8 Martin v. Williams, 172 So. 3d 782, 787 (¶ 12) (Miss. Ct. App. 2013) (quoting Taranto
Amusement Co. v. Mitchell Assocs., 820 So. 2d 726, 729 (¶ 13) (Miss. Ct. App. 2002)). The
fact that Pavlou accepted Rogers’s 2009 payment late does not indicate that Pavlou
intentionally waived the right to timely receive the final payment.

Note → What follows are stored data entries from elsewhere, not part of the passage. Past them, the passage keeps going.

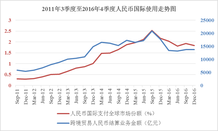 在美联储加息、人民币汇率贬值、加强资本管制的背景下,人民币国际使用出现下降的迹象。根据中国央行数据,相较于去年同期2016年第三季度中国以人民币结算的对外贸易额下降了42.2%。根据环球同业银行金融电讯协会(SWIFT)的数据,2016年11月人民币国际支付全球市场份额为2%,同比下降13.1%(图2)。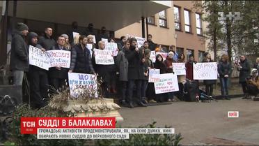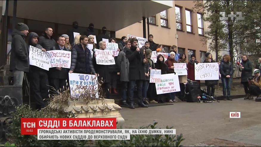 В судейских мантиях с балаклавой на голове. Так, по мнению общественных активистов, сейчас выбирают новых судей в Верховный суд. Участники перфоменса заявляют, досье кандидатов намеренно скрывают от общественности. Закон требует опубликовать данные о претендентах на сайте высшей квалификационной комиссии, однако конкурс уже завершается, а досье до сих пор засекречены.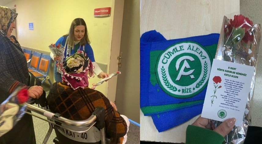 Rize Eğitim Araştırma Hastanesi’ni ziyaret eden Şehrin Melekleri kadın taraftar grubu üyeleri, hastane personeli ve hastalar arasında sevgi ve dayanışma duygularını pekiştirmek amacıyla kadınlara karanfil hediye ederek, anlamlı bir jest yaptı.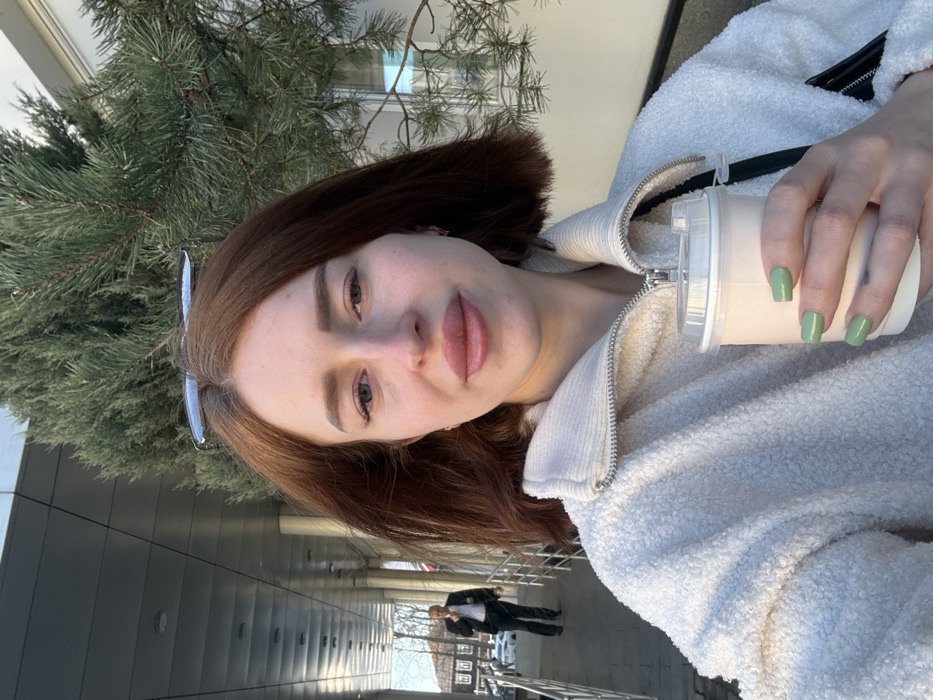 A female individual is depicted in a close-up, selfie-style photograph taken outdoors in the city of Rusanovo, Russia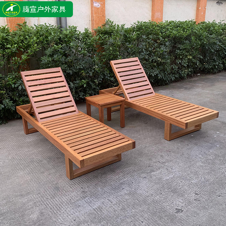 户外防腐实木沙滩椅海边木质躺床度假酒店休闲躺椅泳池单双人躺床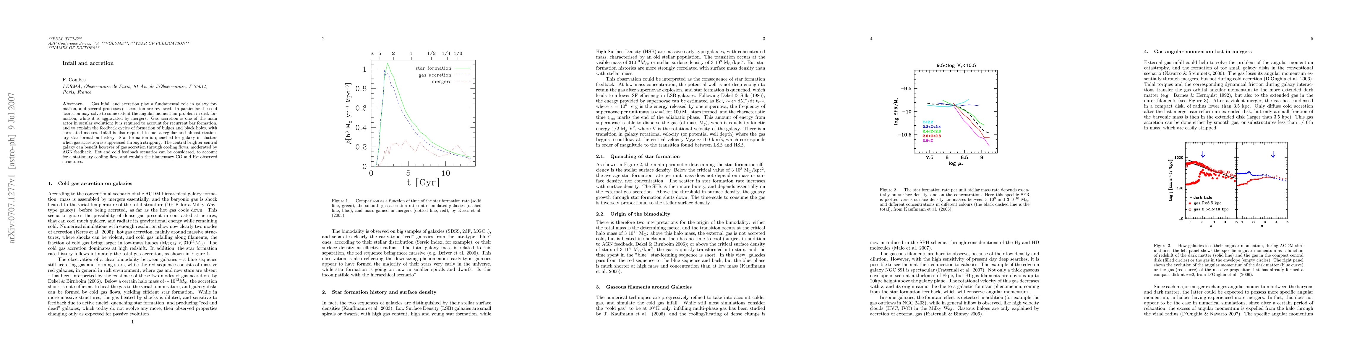 Gas infall and accretion play a fundamental role in galaxy formation, and several processes of accretion are reviewed. In particular the cold accretion may solve to some extent the angular momentum problem in disk formation, while it is aggravated by mergers. Gas accretion is one of the main actor in secular evolution: it is required to account for recurrent bar formation, and to explain the feedback cycles of formation of bulges and black holes, with correlated masses. Infall is also required to fuel a regular and almost stationary star formation history. Star formation is quenched for galaxy in clusters when gas accretion is suppressed through stripping. The central brighter central galaxy can benefit however of gas accretion through cooling flows, moderated by AGN feedback. Hot and cold feedback scenarios can be considered, to account for a stationary cooling flow, and explain the filamentary CO and Halpha observed structures.

¶20. Simply put, Pavlou’s acceptance of the 2009 payment beyond the deadline, Pavlou’s
statement that he “was not ready to sell,” and the July 2012 letter stating that the contract was
“now void” do not suffice as evidence of Pavlou’s clear and unequivocal intent to waive the
October 2011 deadline. Therefore, considering the evidence in the light most favorable to
Rogers, no question of fact remains for determination by a jury.
¶21. AFFIRMED.
RANDOLPH, C.J., KITCHENS AND KING, P.JJ., MAXWELL, BEAM, CHAMBERLIN, ISHEE AND GRIFFIS, JJ., CONCUR.